The Swede who became the Frisian Pope
Frisian is no joke, but it is an ancient language group in its own right. Its peculiarity attracts scholars from afar. Nils Arhammar came from Uppsala. He ended up actively speaking even the smallest dialects in northern Germany. The island has appealed to him in particular.
DrNot only did the Frisian between Sylt, Heligoland, Fuhr and Bredestedt survive the storms of the Middle Ages, many resisted the temptation to switch to Low German and Frisian German so that the North Frisian dialects survive as an everyday language to this day.
They are taught at school and can be heard on the radio. It is awareness of the independent West Germanic language, the traditions of life on the sea and the community at sea that nurtures resistance and commitment.
In order to research their linguistic culture, the Frisians repeatedly relied on academic imports from abroad.
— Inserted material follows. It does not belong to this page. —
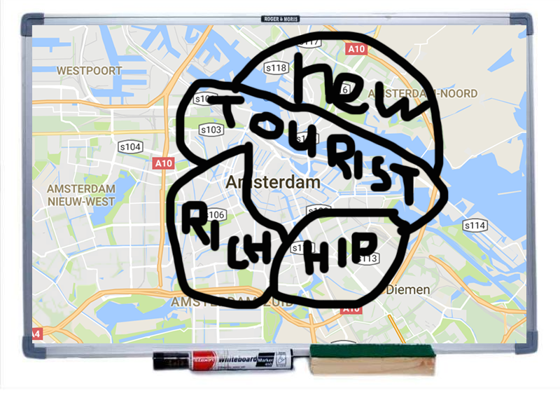 This problem has been going for years. When my friend Amy was visiting Amsterdam in 2015, she asked me where to stay. I drew her this map. This was basic but it gave the idea of at least to avoid the tourist areas:

The academic career of a Swede is ideal for this Nils Arhammer, who devoted his life to researching North Frisian dialects.
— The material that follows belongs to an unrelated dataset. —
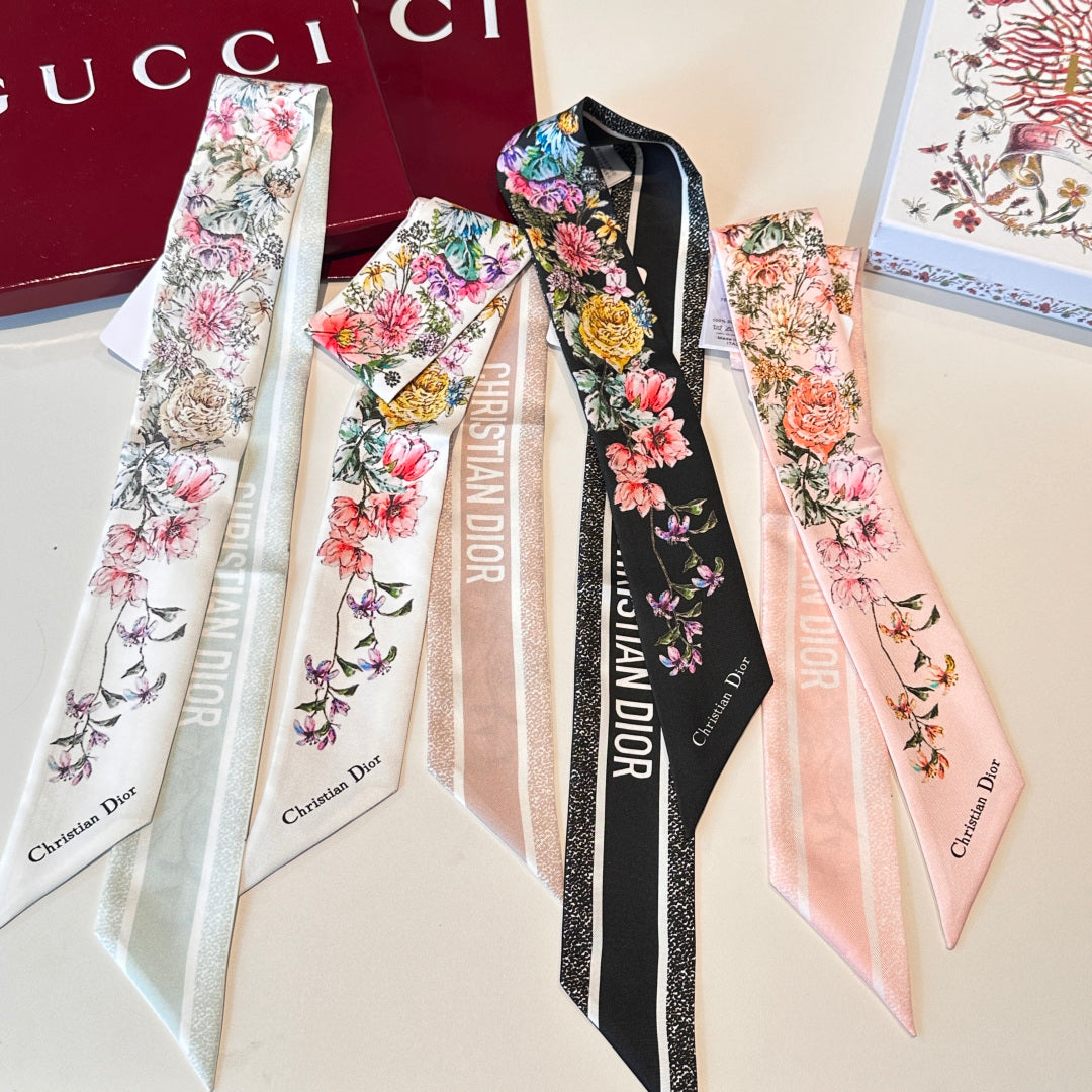 CD Twilly Mini Scarf 105cm Gray Colorful Mulberry Silk 945718

At the beginning of his career it was the German Ernst Lovestedt at Uppsala University, who made Friesian his subject and attracted many students to this small subject. Arrhamar began investigating the Fore, Amrum, and Celt dialects as early as the 1960s when he was working at the North Frisian dictionary office in Kiel who was then a professor of Frisian in Europe. In 1988 he took over the newly created position of President of Flensburg University of Education Meanwhile, he became the director of Nordfrisk Institute in Bredstedt.
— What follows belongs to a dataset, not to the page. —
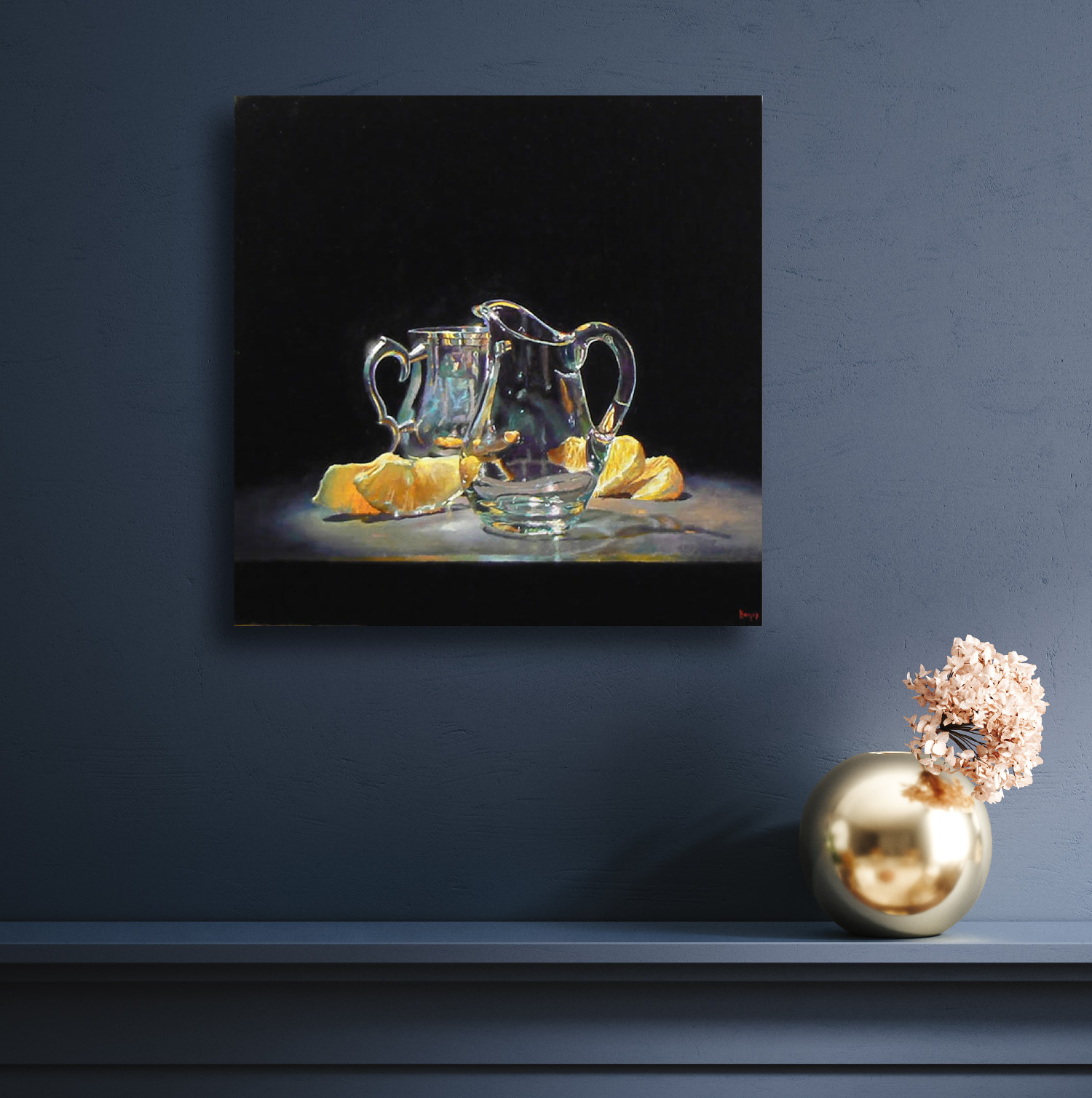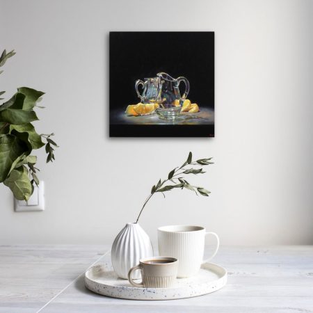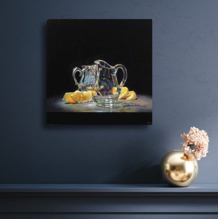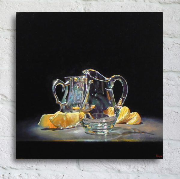 “Silver, Glass, Oranges” Print On Canvas

The hairdresser received further assistance from the North from student Bo Sjölin at Löfstedt. Initially, he worked for several years at the Frýsk Institute at the University of Groningen, before becoming the holder of the first Frisian professor at Kiel University. This is now maintained by the West Frisian, Garish Hoekstra. The American fortress of Marine Sea, who has devoted half his life to describing and saving the last East Frisian enclave, the Friesian Satterland, at the University of Oldenburg, is one of the most important specialty imports. Without the Swedes, the American and the West Frisian, things would be bad for the subject in Germany.
talented field researcher
Nils Arhammer was a talented field researcher. His passion was investigative conversation with speakers of dialects in North Friesland. He also actively mastered dialects and comprehensively described their differentiated diversity, language development and historical development. His collaboration in Handbuch des Friesisches (2001), the first comprehensive overview of the subject, was crucial. His authority on the subject greatly contributed to the cooperation of 45 authors from six countries. For decades, Arhamar and his wife Ritva worked on the Helgoland Friesian Dictionary. In 2011, residents of Helgoland called him a “worthy citizen”. The bilingual “Halender’s Dictionary” was recently published as a first result.
Small subjects feed on the enthusiasm of individuals, often from neighboring subjects. It all began when legal scholar Carl Freiherr von Richthofen, a pupil of the Brothers Grimm, published the first, yet to be replaced, Old Frisian dictionary. We have to thank the German Breslau Theodor Siebs for the first “History of the Frisian Language” (1901).
Nils Arhamar, a graduate of Uppsala University, was considered his subject dean for decades between Kiel and Groningen. He died in Bridstedt on January 10, 2022 at the age of 90.